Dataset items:
+--

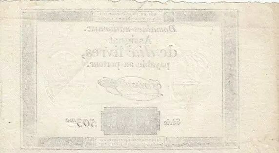 Banknote France 10 Livres Black - Watermark Fleur de Lys - (16-12-1791) - Sign. Taisaud - Serial 503
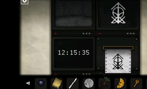 观察显示屏,拿走右下角的「纸条」并记住时间「12:15:35」,再拿走桌子下面的「红色弹珠」。
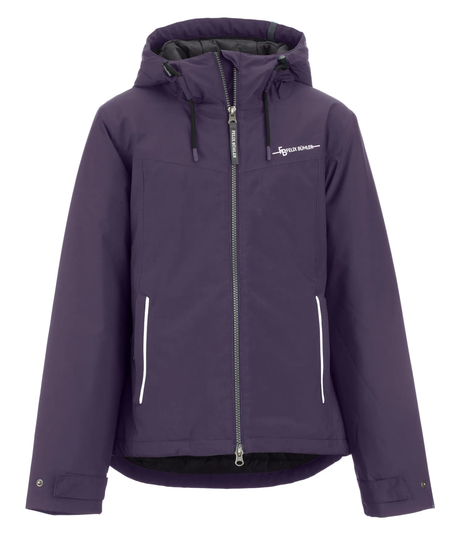 Blouson d’équitation court très technique avec capuche. Garnissage chaud en imitation duvet. Très imperméable (10.000 mm), coupe-vent et respirant. 2 poches zippées, fermeture à glissière double sens avec sous-patte, taille réglable, capuche ajustable par cordon de serrage, bas des manches réglable. Imprimé Felix Bühler réfléchissant sur la poitrine. 100 % polyester, doublure 100 % nylon.
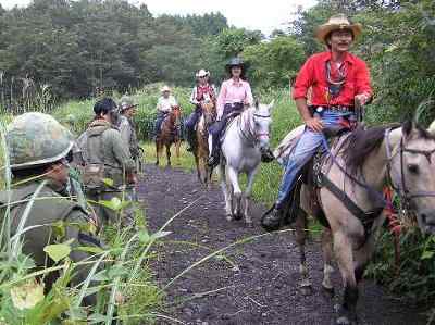 兵隊さん、そこのけそこのけ、お馬が通る。 民間騎馬軍団に、戦闘は一時中止 |
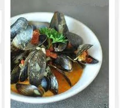 Moules avec une sauce au curcuma fait avec le jus des moules.
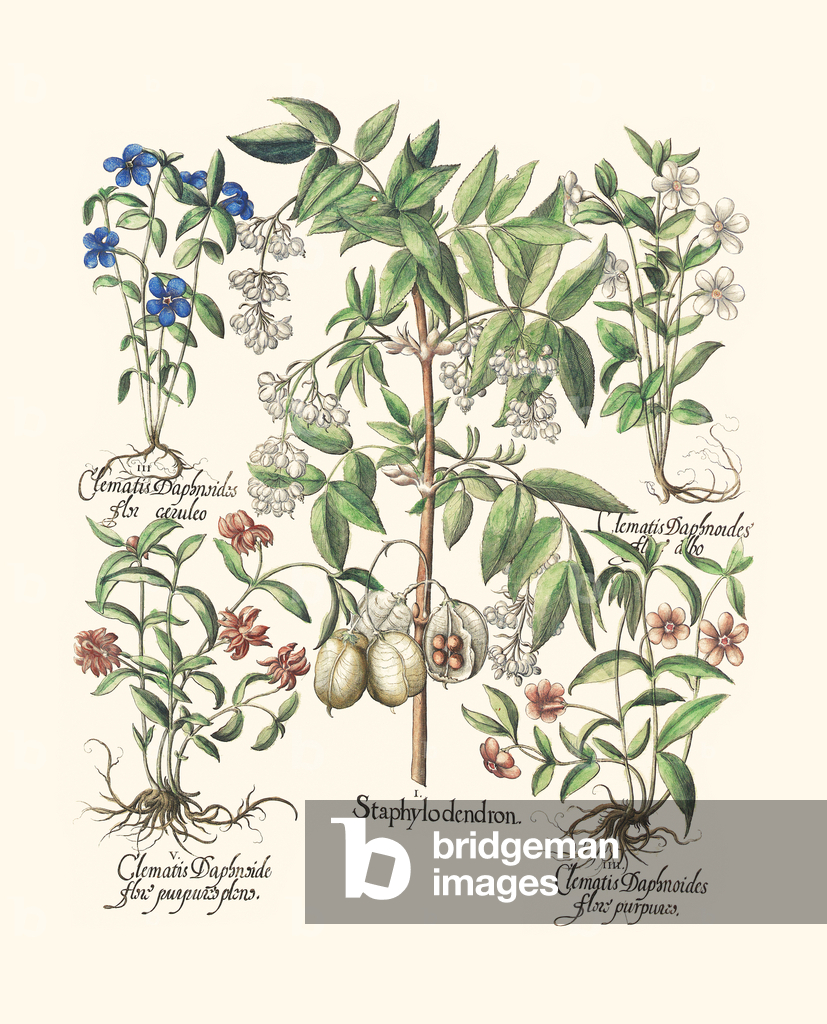 PRX11868204 The plate shows the European bladdernut (Staphylodendron) in the center with its characteristic inflated seed capsules and white flower clusters, surrounded by four different periwinkle varieties (Clematis Daphnoides) with blue, white and purple flowers. The bladdernut is a Central European shrub with pinnate leaves, while the depicted periwinkle species are low-growing, herbaceous climbing plants with simple, opposite leaves. Both plant groups were used as ornamental plants as well as for medicinal purposes. From Hortus Eystettensis or 'Der Garten von Eichstätt'. Published by Basilius Besler (1561 - 1629) in the year 1613. [The plate shows the European bladdernut (Staphylodendron) in the center with its characteristic inflated seed capsules and white flower clusters, surrounded by four different periwinkle varieties (Clematis Daphnoides) with blue, white and purple flowers. The bladdernut is a Central European shrub with pinnate leaves, while the depicted periwinkle species are low-growing, herbaceous climbing plants with simple, opposite leaves. Both plant groups were used as ornamental plants as well as for medicinal purposes.]
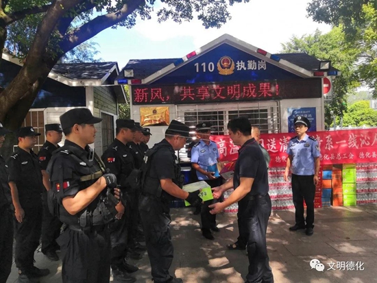 慰問組向長期以來冒著風雨、頂著酷暑,堅守在一線執勤的公安干警表示崇高的敬意并致以誠摯的慰問,感謝他們辛勤工作和無私奉獻,叮囑他們一定要注意防暑安全、加強自我防護,保證調休時間,以更加良好的精神狀態投入到下階段的創城攻堅工作之中。(德化縣委文明辦)
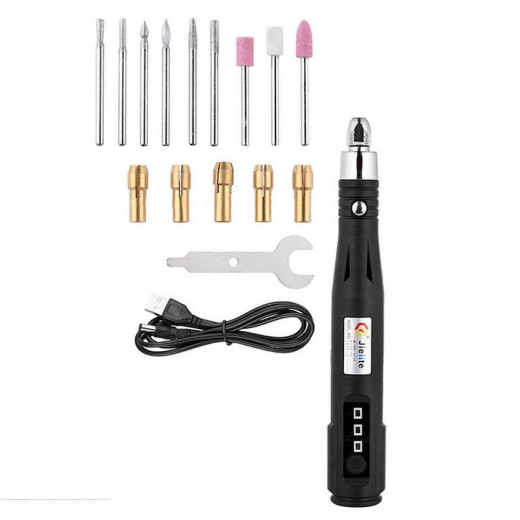 Kelengkapan Produk Rincian yang Anda dapatkan untuk pembelian produk ini: 1 x Jielite Bor Listrik Mini Grinder Alat Ukir Multifungsi 15000 RPM 30W - JL-5V 1 x Kabel USB 9 x Mata Bor 5 x Clamp 1 x Kunci Pas 1 x Panduan Penggunaan

+--

Transcribe exactly each line of the records from the start up to and including the one with "观察显示屏,拿走右下角的「纸", and leave out every picture.

 Banknote France 10 Livres Black - Watermark Fleur de Lys - (16-12-1791) - Sign. Taisaud - Serial 503
 观察显示屏,拿走右下角的「纸条」并记住时间「12:15:35」,再拿走桌子下面的「红色弹珠」。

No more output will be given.